Growing up, Eve Mannes looked forward to loading up in the car with her parents and cruising her Livingston, N.J., neighborhood in search of “over the top” Christmas decorations.
It was a childhood tradition, like the wearing of pilgrim hats at Thanksgiving, she passed to her children and now her grandchildren.
“It’s nice to have that because you know you’re going to do it and you know you’re going to have fun,” Mannes said. “I feel like a kid again.”
Whether you wake up for Black Friday shopping, or look forward to watching the Macy’s Thanksgiving Day Parade or the recent Christmas Tree Lighting ceremony, such traditions peak during the holiday season when people here and across the country participate in very specific annual activities.
Michael Gitter, author of the nostalgia book series “Do You Remember?” and co-founder of DoYouRemember.com, a social website based on nostalgia, said the holiday season more than any other time of year is full of traditions.
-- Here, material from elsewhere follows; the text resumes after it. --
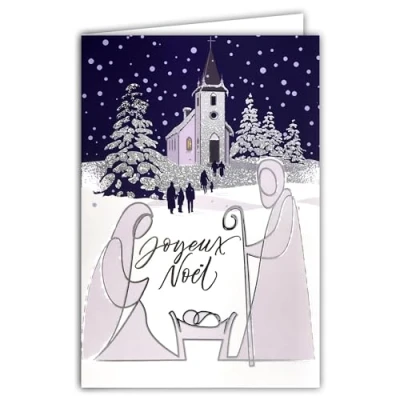 Merry Christmas Card Shiny Silver Glitter with White Envelope Size 12 x 17.5 cm Illustration Nativity Scene Jesus Marie Joseph Church Mass Tree Landscape Design Made in France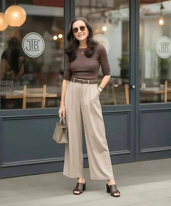Flowing, wide-leg trousers are proof that comfort and chicness can coexist beautifully. Their drapey fit allows for easy movement and ultimate coziness, the structured cut ensures you look put-together, not sloppy, and the wide-leg style elongates your figure, giving your legs a long, lean look.

Some are more common, like decorating a Christmas tree, he said, and others are more quirky, like a contest between siblings for the most profanely decorated Santa cookie.
“The season invites tradition, which allows us to take time from our busy schedules to gather and pay tribute to our relationships,” Gitter said. “It is a time for reflection, a condoned, worldwide period where we live and breathe nostalgia.”
For the past three years, Mannes of Sandy Springs said she has spent Christmas Eve with old neighbors and Christmas Day with a gathering of friends, who each bring a designated potluck dish.
“The folks that attend are both Jewish and Christian,” she said. “We call it a mostly Jewish Christmas.”
Three generations of Terry Thoms’ Athens family participate each year in a rough and tough game of flag football after Thanksgiving dinner.
Dubbed the Turkey Bowl, the game has been a family tradition for nearly 30 years, said Brittany Thoms, one of his daughters-in-law.
“There have been trophies, yearlong bragging rights, video highlights and more,” she said. “It is hilarious.”
Whether it’s cooking Christmas dinner, decorating the Christmas tree or reliving traditions passed down by our grandparents, Gitter said traditions connect us to our past and to each other.
“They bring us together at the same moment they individuate us,” he said. “They serve as a rite of passage, like figuring out Santa is your mom, and evoke a sense of home, of the stability we all crave.”
In a world where we are constantly driven by technology, money and success, holiday traditions put a pause on our daily routine and remind us of what is important.
“Objects and occurrences carry history and are placeholders for moments that make us who we are,” he said.